The intervention does not guarantee the AHI scenario wins. It makes the AHI scenario possible. The realization belongs to everyone who actually uses the technology, configures it, contributes frameworks to the library, builds institutions around the public-domain commitment, teaches the cognitive disciplines the frameworks encode. The Foundation’s bet is that the possibility, once preserved, gets realized — because the structural advantages the AGI framing provides to commercial actors are the same advantages the AHI framing provides to everyone else, once the architecture is freely available.

The summary

AHI is the right name for what these systems are. Intelligence is human; AI is the assistance. The metaphysics, the empirical observation, the mathematics of compounding error, the structural fact of indeterminate drift in closed-loop architectures, and the political implications all point to the same conclusion. The AGI narrative is wrong in all the ways narratives fail — empirically, because every meaningful output requires a human recognizer; mathematically, because iterated synthesis without verification compounds error to the point where outputs cease to be meaningful; structurally, because closed-loop architectures without external recognizers produce indeterminate drift rather than convergence on truth; and politically, because the actual danger is institutional capture of real capability rather than emergence of autonomous capability that does not exist. The reframe is not a slogan. It is the description that lets the technology serve human flourishing rather than concentrate power around the people who control the oracles.

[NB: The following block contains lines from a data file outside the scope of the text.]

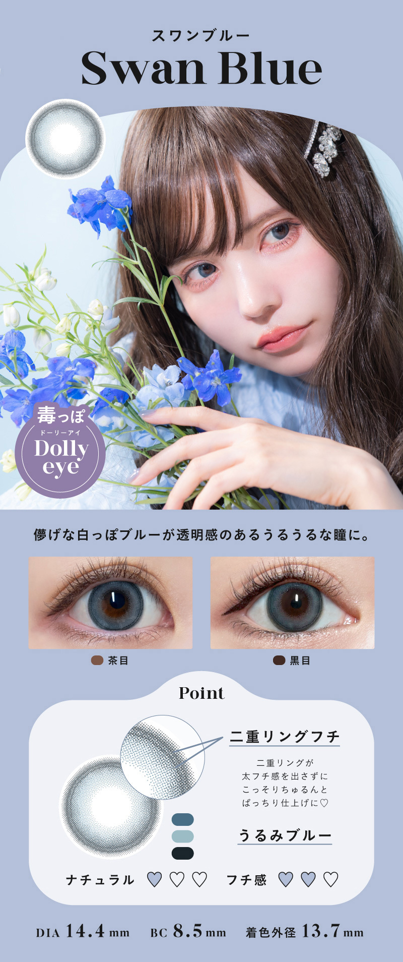 Bambi Series Angel Color Color Contact Lenses 每日即棄有色隱形眼鏡(1DAY) (10片) Swan Blue
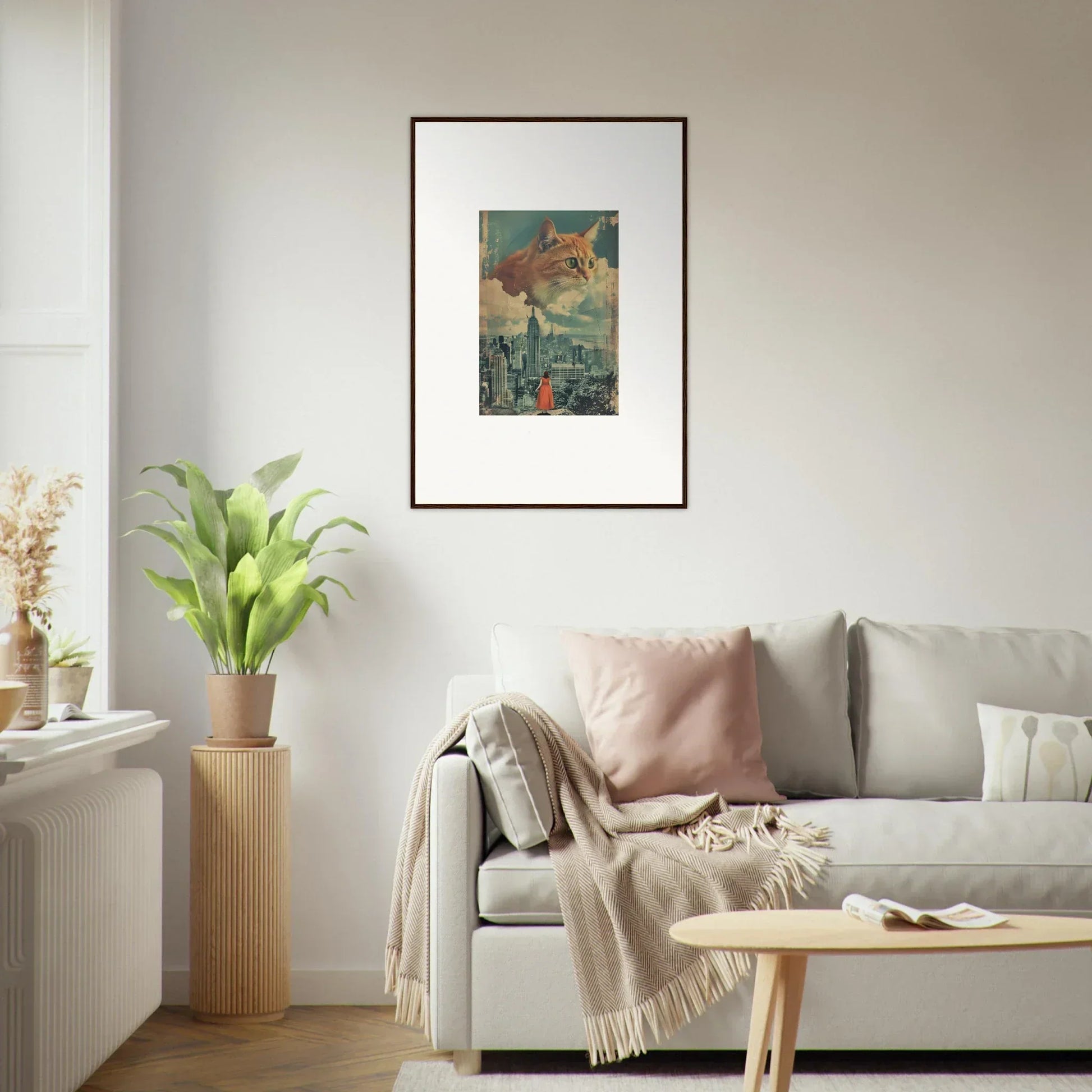 This piece, 'Cosmic Cat Visions,' is a stunning example of surrealism art that melds the fantastical with the everyday, all through the lens of AI technology. Its complementary color palette featuring muted teals and natural tones seamlessly integrates with various interiors—be it a home office that thrives on creativity or a living room that yearns for a touch of intrigue.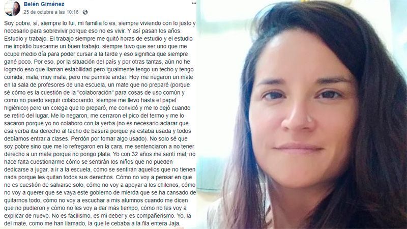 Se trata de Belén Giménez que se desempeña como docente en una escuela de la capital entrerriana. La maestra eligió Facebook para expresar su dolor e indignación por la situación vivida. No solo sé que soy pobre sino que me lo refregaron en la cara, me sentenciaron a no tener derecho a un mate porque no pongo plata”, expresa el posteo.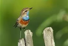 蓝点颏亦称“蓝喉歌鸲”,通称蓝靛颏儿。身体大小和麻雀相似,体长12-13厘米,体重17-18克。头部、上体主要为土褐色。眉纹白色。尾羽黑褐色,基部栗红色。颏部、喉部辉蓝色,下面有黑色横纹。下体白色。…全部>>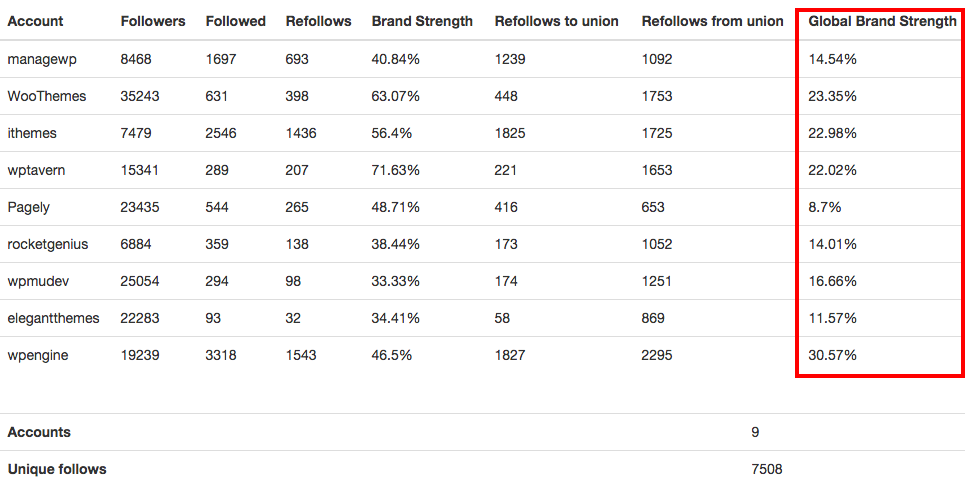 If we look only at the “local” level, refollows from just the people followed by each brand (in the “Brand Strength” column), WPTavern leads here, as 71% of the people they follow, follow them back (207 out of 289). Curiously, Page.ly is #4 according to this criteria, but it is in last place “globally,” which could indicate that they engage a lot with people closely related to their business but do not engage as much with people interested in other kind of WordPress products/services (an opportunity there?).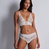 Léger et moderne, le soutien-gorge triangle bralette Kiss of Love, sans armatures, déploie jusqu’à l’épaule sa dentelle florale transparente. Offrant un décolleté profond, il se pare d’une broderie entrelacée sexy à l’entregorge. Sous la poitrine, une large bande façon bustier assure confort et maintien pour une silhouette tout en sophistication.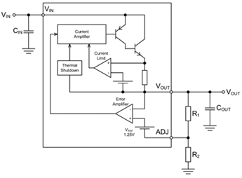 示例中使用的线性稳压器ICBA1117属于可变输出型LDO。可变输出型通过使用外置电阻分压器,可设置任意输出电压值(通常设置范围为从内部基准电压源到IC规定的最大输出电压)。另外,除可变输出型外,还有固定输出型产品。这种是在IC内部内置了分压电阻的产品,可设置5V和3.3V等常见的标准电压,通常仅需外接输入输出电容器即可工作。可根据使用需求,灵活选用可变输出型与固定输出型产品。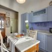 The corridor leads to the kitchen with precious marble tops, a bedroom with double bed, large bathroom with shower, a second bedroom with single bed and a third bedroom with double bed and large private bathroom with shower.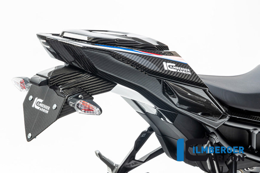This space age material unfolds its full potential with up to 70% weight decrease compared to the standard part and its weight-specific stiffness. Form follows function here and integrates optimally into the design of the motorcycle. The contours of the machine are incorporated as well as the material and surface texture of neighbouring series components. This carbon component underscores the high-tech claim of your BMW with the unique appeal of real carbon.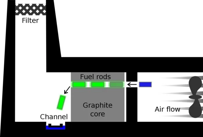 Охлаждался реактор обычным воздухом, который нагнетался за счет конвекции (как в обычной печи) и вытягивался через дымовую трубу высотой 120 метров. На случай, если этого не хватит, стояли вентиляторы для увеличения скорости потока воздуха. Тут у инспектора по безопасности глаза уже должны были бы полезть на лоб, так как радиоактивный воздух и пыль просто выбрасывались в атмосферу. Но это были 40-е, а потому про то, что безопасность – это главный приоритет, никто еще не знал. Когда один из руководителей строительства настоял на установке фильтров в трубе, стоивших огромных денег, и фильтры, и сам поступок называли вполне открыто “глупостью Кокрофта”. И действительно, ну чего он так деньги налогоплательщиков то разбазаривает? После аварии один из оппонентов идеи высказал прекрасное: "the word folly did not seem appropriate after the accident" ("слово "глупость" показалось мне неуместным после аварии").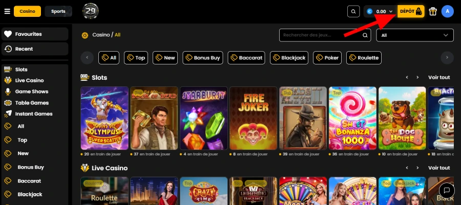 Cliquez sur le bouton jaune en haut à droite de l’écran une fois que vous avez réalisé la connexion casino à 29Black.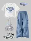 Tween Girls' Casual Fashion Street Style Letter Print Dropped Shoulder Loose White T-Shirt And Pleated Pocket Cargo Pants Set, Spring/Summer/Autumn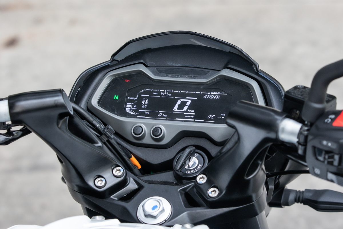 A Dominar NS200 conta com freio ABS de duplo canal, sistema avançado de freios que evita o bloqueio das rodas durante frenagens intensas, assegurando estabilidade e segurança.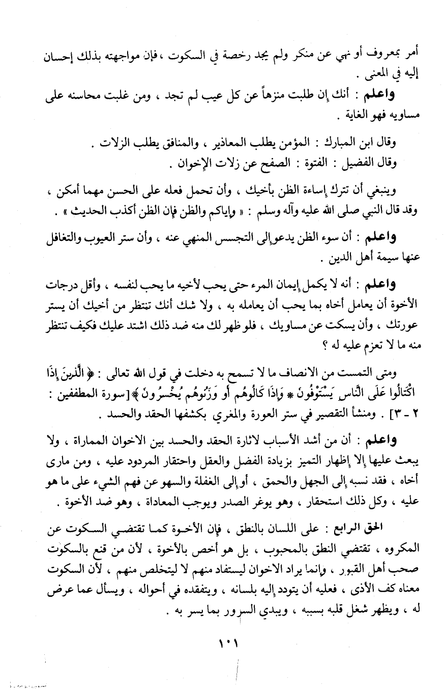 واعلم: أنه لا يكمل إيمان المرء حتى يحب لأخيه ما يحب لنفسه، وأقل درجات الأخوة أن يعامل أخاه بما يحب أن يعامله به، ولا شك أنك تنتظر من أخيك أن يستر عورتك، وأن يسكت عن مساويك، فلو ظهر لك منه ضد ذلك اشتد عليك فكيف تنتظر منه مالا تعزم عليه له؟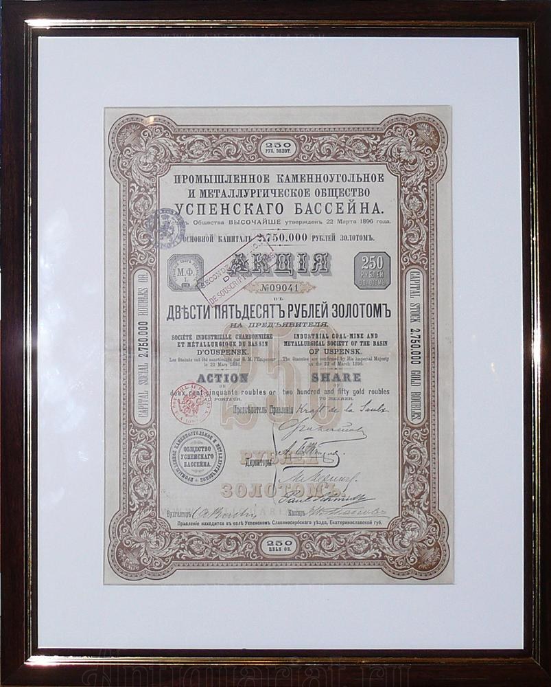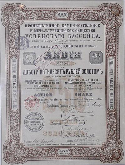Акция "Промышленное каменноугольное и металлургическое общество Успенского бассейна"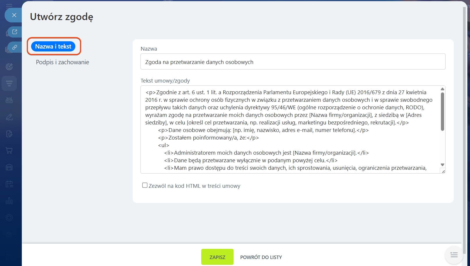 - Zezwól na HTML w tekście zgody: Włącz tę opcję, jeśli chcesz sformatować tekst za pomocą HTML.

What changes when the reframe lands is everything downstream of how the user understands their relationship to the system. A user who believes the AI is intelligent treats the AI as authoritative. A user who understands that the intelligence is in the loop treats the AI as a tool — a remarkably powerful one, but a tool nonetheless. The first relationship is the one the labs are selling. The second is the one Ora is built to support.

The first relationship is the colonization of thinking. The second is its return to the user, where it has always belonged.